■ TO DO ■
Your answer must be only the lines below from the one containing "条例第一章总则第2条第3款对" through the one containing "後半は「おぼえたて」「青鬼ご", copied exactly, with the pictures left out.

■ GIVEN RECORDS ■
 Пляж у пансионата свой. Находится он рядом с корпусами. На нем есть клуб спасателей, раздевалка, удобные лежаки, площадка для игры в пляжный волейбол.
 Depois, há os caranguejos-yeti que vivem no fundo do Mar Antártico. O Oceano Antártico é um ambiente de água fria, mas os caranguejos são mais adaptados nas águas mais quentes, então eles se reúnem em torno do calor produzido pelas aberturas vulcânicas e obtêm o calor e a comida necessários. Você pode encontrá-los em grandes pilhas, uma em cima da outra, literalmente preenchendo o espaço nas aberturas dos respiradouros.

---

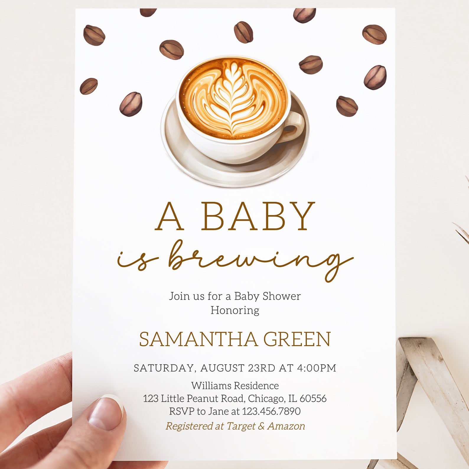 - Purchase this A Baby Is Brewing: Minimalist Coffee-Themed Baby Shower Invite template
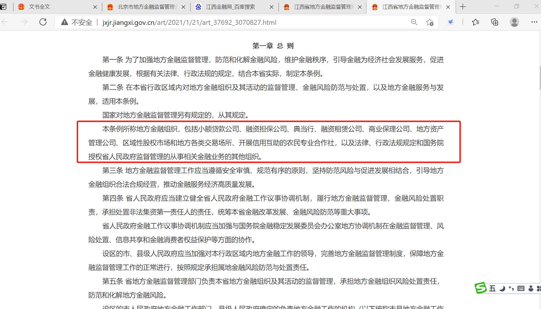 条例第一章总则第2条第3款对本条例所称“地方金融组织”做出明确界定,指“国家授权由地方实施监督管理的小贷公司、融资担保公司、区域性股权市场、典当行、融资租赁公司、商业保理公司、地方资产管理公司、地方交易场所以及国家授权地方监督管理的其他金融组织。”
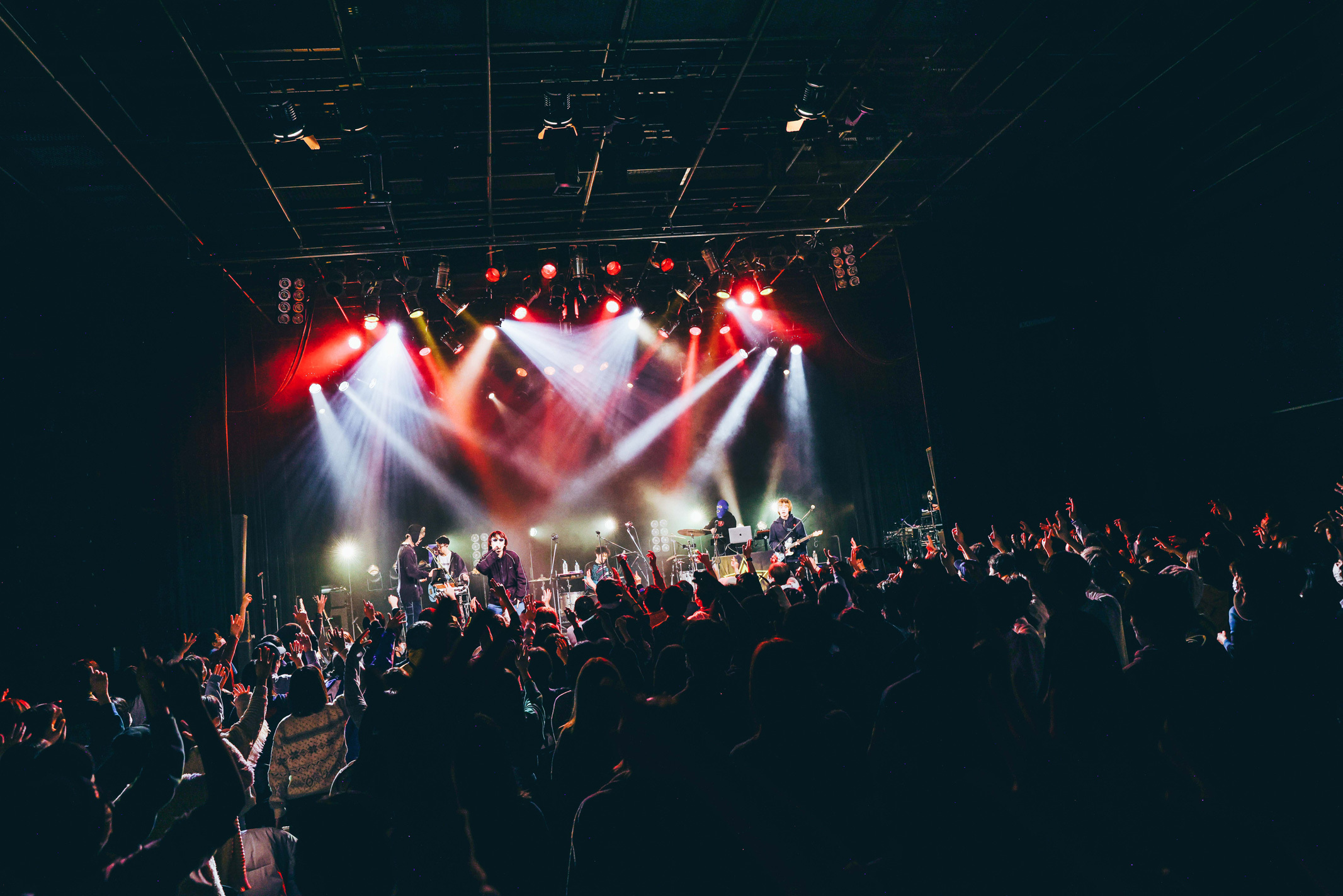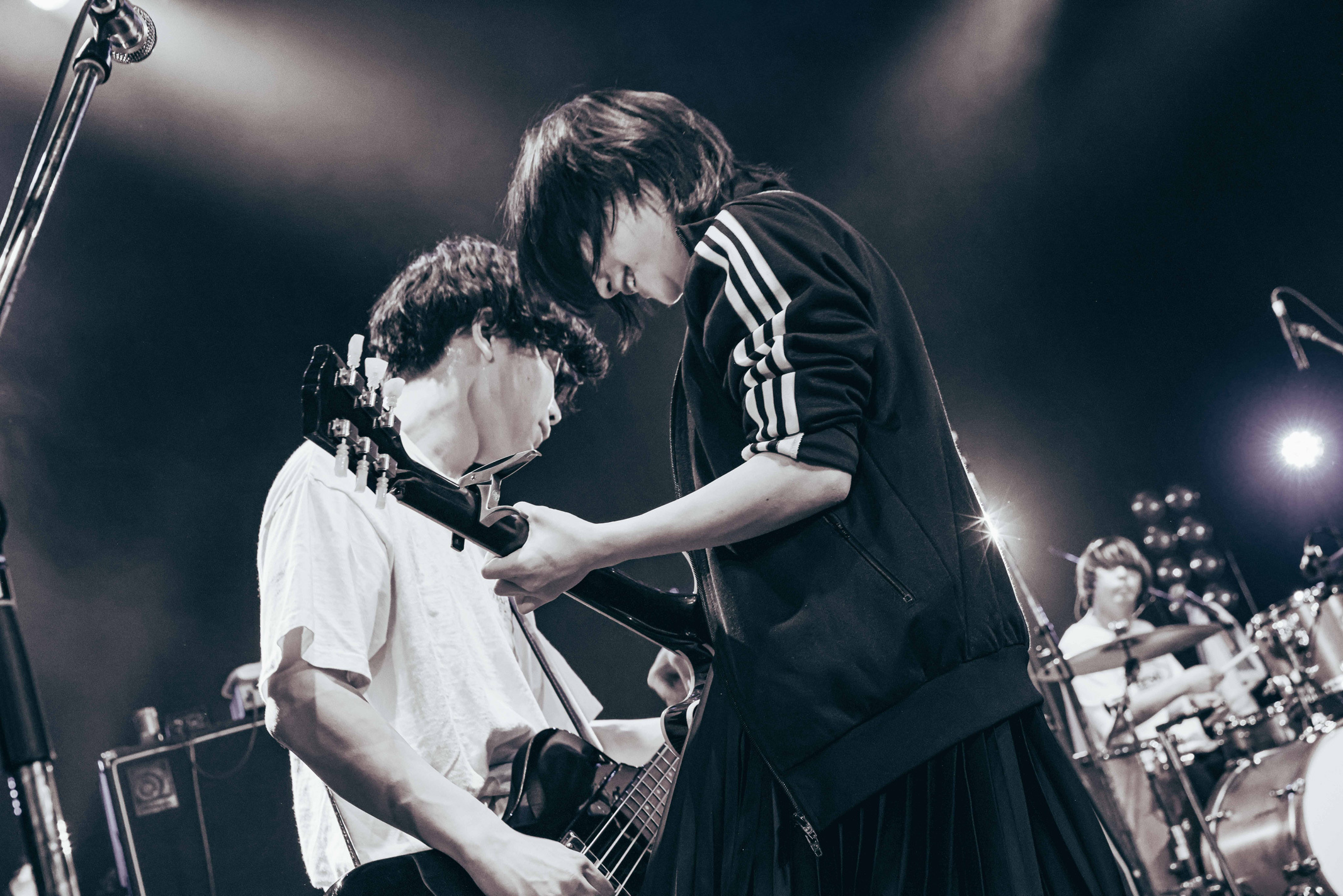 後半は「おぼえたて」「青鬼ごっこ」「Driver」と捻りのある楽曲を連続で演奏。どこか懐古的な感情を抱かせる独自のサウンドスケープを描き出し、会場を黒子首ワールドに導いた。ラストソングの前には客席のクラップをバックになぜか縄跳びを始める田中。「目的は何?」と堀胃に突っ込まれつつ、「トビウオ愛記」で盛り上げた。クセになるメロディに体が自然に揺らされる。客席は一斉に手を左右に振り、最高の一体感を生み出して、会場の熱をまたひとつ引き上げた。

==

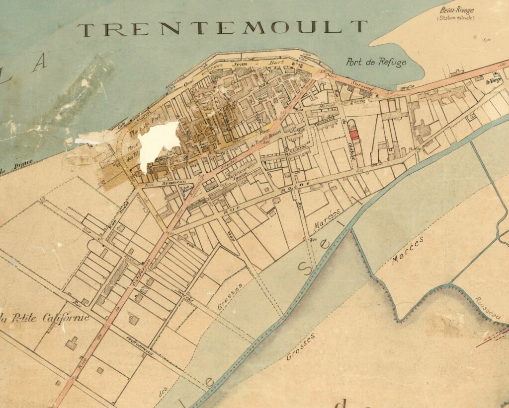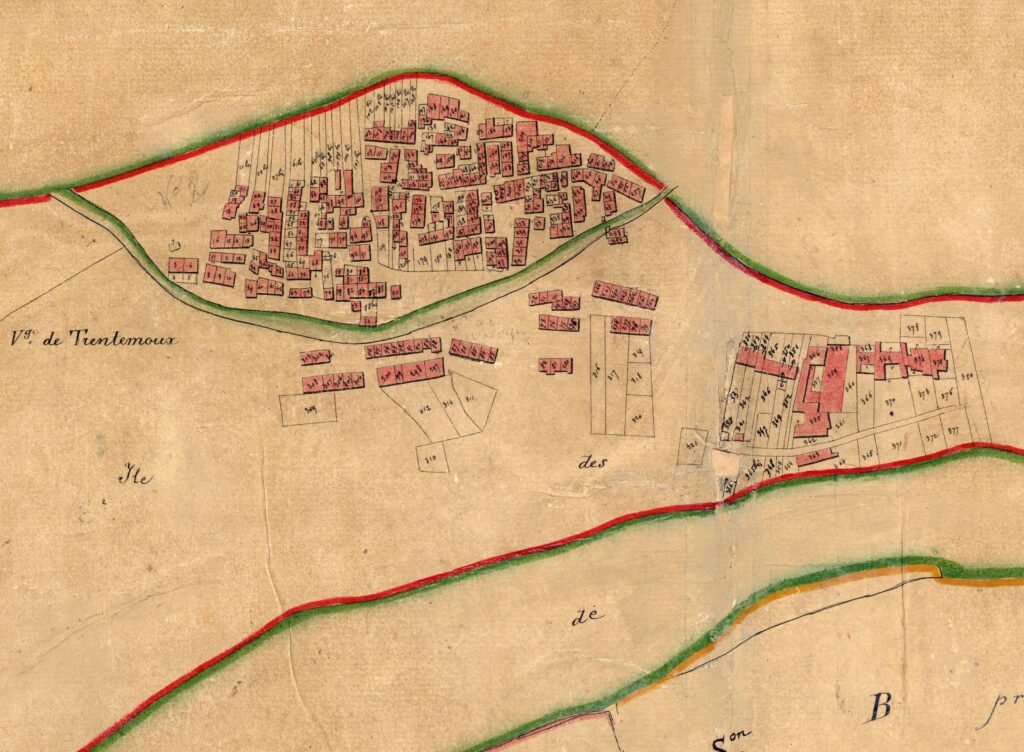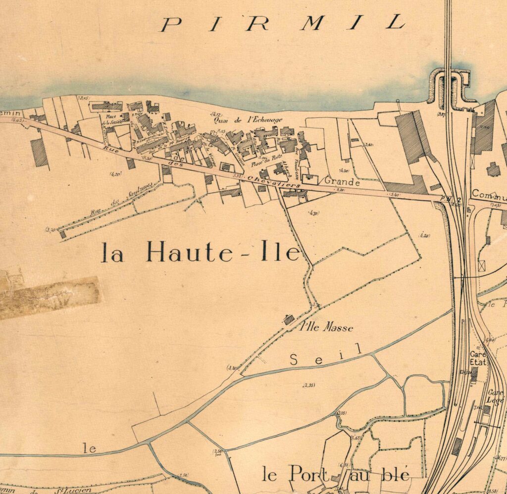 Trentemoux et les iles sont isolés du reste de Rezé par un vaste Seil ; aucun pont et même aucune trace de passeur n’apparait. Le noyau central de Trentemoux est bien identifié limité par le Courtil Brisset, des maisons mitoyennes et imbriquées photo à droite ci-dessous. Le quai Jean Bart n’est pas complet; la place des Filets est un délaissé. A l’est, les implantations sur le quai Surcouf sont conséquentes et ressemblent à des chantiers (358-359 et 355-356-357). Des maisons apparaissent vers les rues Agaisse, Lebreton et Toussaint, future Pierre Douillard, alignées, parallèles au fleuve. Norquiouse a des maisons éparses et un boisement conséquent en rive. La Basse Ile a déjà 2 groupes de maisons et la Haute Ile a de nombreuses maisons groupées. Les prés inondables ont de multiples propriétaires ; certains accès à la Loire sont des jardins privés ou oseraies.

■ WRITTEN ANSWER ■
 条例第一章总则第2条第3款对本条例所称“地方金融组织”做出明确界定,指“国家授权由地方实施监督管理的小贷公司、融资担保公司、区域性股权市场、典当行、融资租赁公司、商业保理公司、地方资产管理公司、地方交易场所以及国家授权地方监督管理的其他金融组织。”
 後半は「おぼえたて」「青鬼ごっこ」「Driver」と捻りのある楽曲を連続で演奏。どこか懐古的な感情を抱かせる独自のサウンドスケープを描き出し、会場を黒子首ワールドに導いた。ラストソングの前には客席のクラップをバックになぜか縄跳びを始める田中。「目的は何?」と堀胃に突っ込まれつつ、「トビウオ愛記」で盛り上げた。クセになるメロディに体が自然に揺らされる。客席は一斉に手を左右に振り、最高の一体感を生み出して、会場の熱をまたひとつ引き上げた。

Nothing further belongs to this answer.